For years, sleep experts have held one piece of common wisdom above all else: Don't work from bed.
Yet since the pandemic began in March, millions of Americans have defied that guidance. They are drafting legal documents, producing events, holding client calls, coding, e-mailing, studying and writing, all from under the covers.
This wasn't always the plan. Early on, many of them invested in desks and other equipment meant to make their homes as ergonomically sound and office-like as possible.
When New York City shut down in March, Vanessa Anderson, 24, set up a desk for herself in her living room. She was working for an agency that manages private chefs and wanted to keep some semblance of separation between work and sleep. "For a while I was really committed to not working from my bedroom at all," she said.
In May, Anderson moved her desk into her bedroom for more light. "My bed was just sitting there, taunting me," she said. She set ground rules for herself: She'd get in bed only after 2 p.m., but that start time gradually moved earlier. By July, her bed had become her full-time office.

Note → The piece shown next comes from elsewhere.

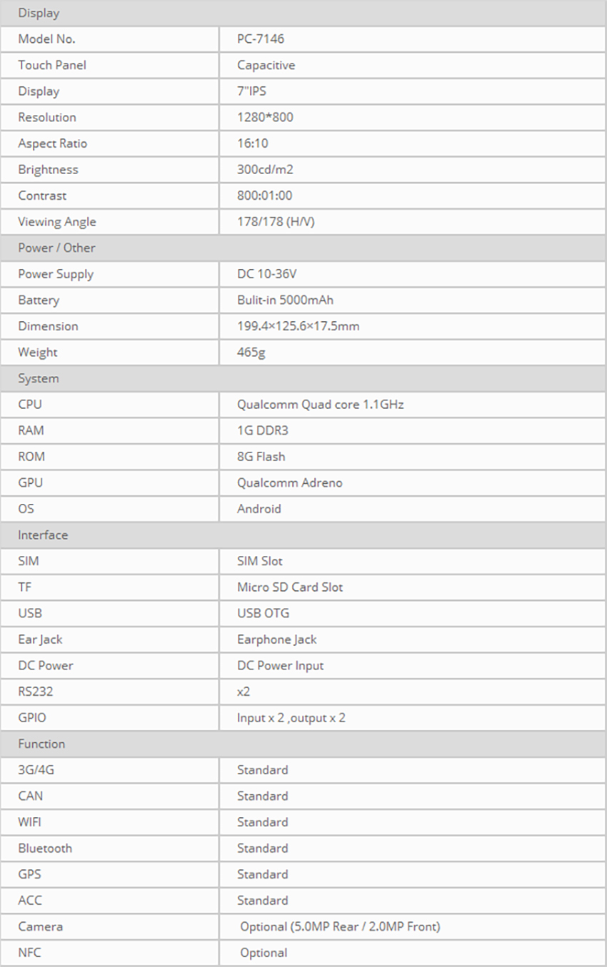 Interface: Micro SD card slot, SIM card slot, USB OTG ×1, Earphone jack, DC power input, RS232×2, CAN BUS
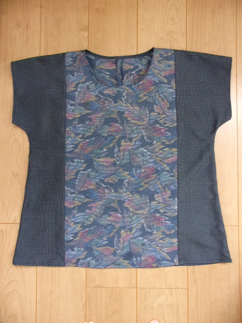 女性服/着物リメイク※ハンドメイド/絹/大島紬/葉柄/カラフル/ベスト/ホームウエア―/ブラウス/トップス/カットソー/チュニック/M~L

Talking to others, she's discovered how commonplace the practice is.
"I've been on calls with people where we were both in bed," she said. "At the end of the call it's like, 'How's the pandemic going? Oh, you're in bed right now, too? So am I!' "
Working from bed was embraced by some of history's most accomplished figures. Frida Kahlo painted masterpieces from her canopy bed. Winston Churchill, a notorious late riser even during World War II, dictated to typists while breakfasting in bed. Edith Wharton, William Wordsworth and Marcel Proust drafted prose and verse from their beds.